Date of Degree


Document Type


Degree Name



Educational Psychology


Jay Verkuilen

Committee Members

Howard Everson

Wei Wang

Subject Categories

Bilingual, Multilingual, and Multicultural Education | Educational Methods | Educational Psychology | Educational Technology | Science and Mathematics Education


text mining, language of assessment, mathematics assessment, assessment equity, machine learning methods, parts of speech analysis


The following is a five-chapter dissertation surrounding the use of text mining techniques for better understanding the language of mathematics items from standardized tests to improve linguistic equity of these items to support assessment of English Language Learners.

Introduction: The dissertation begins with an overview of the problem that English Language Learners are likely not able to demonstrate their full mathematical ability due to the construct irrelevant variance caused by these items being written in English. This introduction also introduces the idea of text mining as a methodology for use in exploring this test design issue.

Article 1: This article presents an exploratory study of the vocabulary used in released math test items for grades 3-8. The author collected and cleaned the data to arrive at a final corpus of 5674 math problems. Next, a series of text mining techniques were performed including the “bag of words” approach, sentiment analysis, and Latent Dirichlet Allocation (LDA). The bag of words approach generated an overall word list for the entire corpus, by grade level, and by mathematical domain. For each of these lists, the majority of the words found were polysemous, meaning they had multiple meanings, which is inappropriate for ELLs. The sentiment analysis results showed that there was not any obvious negative sentiment found in these items. Finally, the LDA results showed that there were 9 latent topics found within the language of these items.

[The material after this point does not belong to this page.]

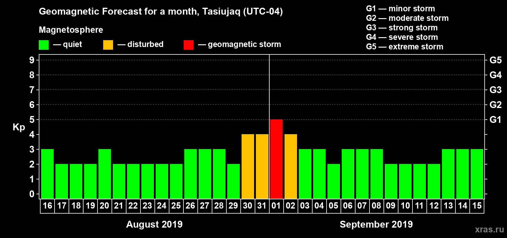 Geomagnetic storm forecast in Tasiujaq for Aug 16, 2019

Article 2: This article is an exploratory study of the state of the parts of speech used in released math standardized test items for grades 3-8. The author collected and cleaned the data to arrive at a corpus of 5674 math problems. Next, a series of parts of speech analyses were performed to better understand the grammatical structures used within current mathematics items, as well as a bigrams and trigrams analysis of the most commonly used phrases found within these items. The variation in parts of speech and readability of these items was tracked across grade levels and was found to become more complicated as the grade level increased. The grammatical parts of speech were also used to predict the item difficulty for those items (N = 1627) with some of these parts of speech being found to negatively correlated with item difficulty estimates.

Article 3: This article describes the development of an open-source text parser for multiple-choice mathematics items intended for students in grades 3-8. To train this parser, initially, seven machine learning classification algorithms were used to predict item difficulty as measured by p-value. The most accurate of these models was a special kind of Support Vector Machine called a Support Vector Classifier which had almost 50% accuracy. This parser was trained to estimate approximate item difficulty level as well as to identify problematic vocabulary words, estimate the readability of the question, and support the user to know which problematic parts of speech are being used in the item. Math Item Parse is operational but is still in a prototype stage because a larger training set is needed to improve the model accuracy.

Final Discussion: The dissertation concludes with a short discussion that describes how these findings impact educators, test developers, methodologists, and policy makers, and discusses the biggest limitations of this dissertation and offers some next steps.